Thread: String Comparision Weirdness
We had major problems after migrating the DB to a more powerful server; we managed to locate the problem to a type conversion bug in our software. Never the less, this thing puzzles us a lot: NBTEST2=# select '-1'>'0'; ?column? ---------- t (1 row) We've tried this query on several servers with different versions of postgresql and different versions of glibc - some returns true, others returns false - and it seems neither to be related to the postgresql version nor the glibc version. At all servers we tested, strcmp("-1","0") returned negative - at some -3 and at others -1, and not related to postgresql. The correct result above should be false, since ascii('-')=45 while ascii('0')=48. Can the character set in use be significant? -- Notice of Confidentiality: This email is sent unencrypted over the network, and may be stored on several email servers; it can be read by third parties as easy as a postcard. Do not rely on email for confidential information.
[Tobias Brox - Mon at 12:17:33PM +0200] > At all servers we tested, strcmp("-1","0") returned > negative - at some -3 and at others -1, and not related to postgresql.
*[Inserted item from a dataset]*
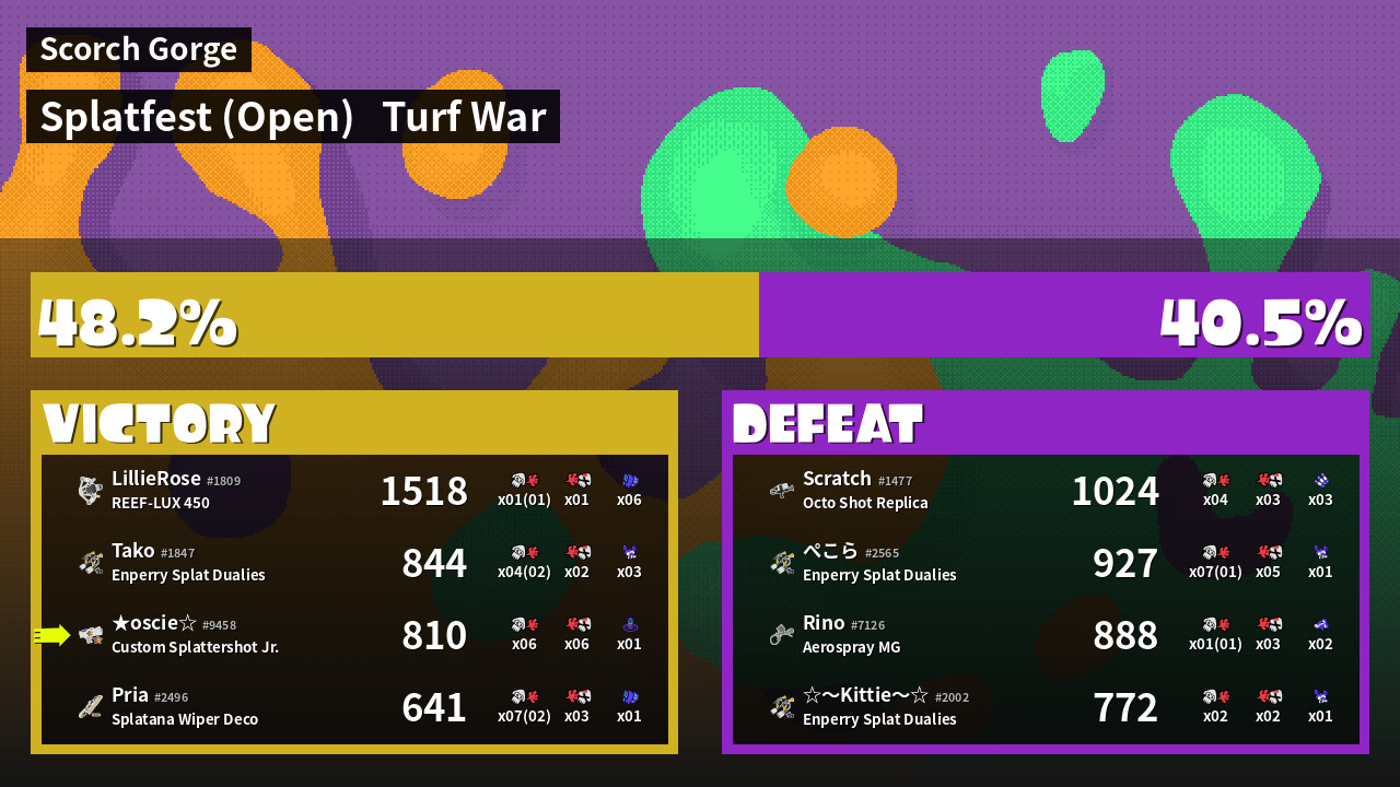 | Medals | #1 Home-Base Inker #1 Enemy Splatter #1 Ground Traveler | ||

Ehr, uncorrelated to the result of the evaluation of '-1'>'0' on postgresql, I mean. -- Notice of Confidentiality: This email is sent unencrypted over the network, and may be stored on several email servers; it can be read by third parties as easy as a postcard. Do not rely on email for confidential information.
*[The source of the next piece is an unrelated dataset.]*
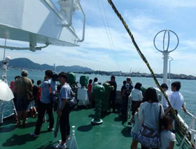 体験航海は8月8日、同協会と下関市港湾局、大島商船高等専門学校・九州海事広報協会が共催したもので、同日午前の部に市内の小学校教員ら22人、午後の部には一般公募で当選した小中学生親子42人が参加した。

On Mon, 26 Sep 2005, Tobias Brox wrote: > We had major problems after migrating the DB to a more powerful server; we > managed to locate the problem to a type conversion bug in our software. > Never the less, this thing puzzles us a lot: > > NBTEST2=# select '-1'>'0'; > ?column? > ---------- > t > (1 row) > > We've tried this query on several servers with different versions of > postgresql and different versions of glibc - some returns true, others > returns false - and it seems neither to be related to the postgresql version > nor the glibc version. At all servers we tested, strcmp("-1","0") returned > negative - at some -3 and at others -1, and not related to postgresql. > > The correct result above should be false, since ascii('-')=45 while > ascii('0')=48. > > Can the character set in use be significant? It's more likely to be the locale in use. For example, on my machine, given a file with -1 and 0. LANG="C" sort file -1 0 LANG="en_US" sort file 0 -1 Many locales do a more complicated comparison than ascii values (like strcmp). For example, symbols and spaces may only be used as tiebreakers after effectively comparing the strings without them.
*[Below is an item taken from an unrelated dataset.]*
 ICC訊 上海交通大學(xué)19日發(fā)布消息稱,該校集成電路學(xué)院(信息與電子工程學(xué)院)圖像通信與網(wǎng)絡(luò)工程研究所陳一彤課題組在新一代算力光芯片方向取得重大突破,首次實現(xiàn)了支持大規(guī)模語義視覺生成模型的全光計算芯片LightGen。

[Stephan Szabo - Mon at 06:07:48AM -0700] > It's more likely to be the locale in use. For example, on my machine, > given a file with -1 and 0. (...) > LANG="en_US" sort file > 0 > -1 Hah, those Americans don't even know how to count ;-) I find this weird, but it's clearly not a problem with postgresql at least. We should obviously check up the locale and stick to "C" on the servers. Thanks for the effort. -- Notice of Confidentiality: This email is sent unencrypted over the network, and may be stored on several email servers; it can be read by third parties as easy as a postcard. Do not rely on email for confidential information.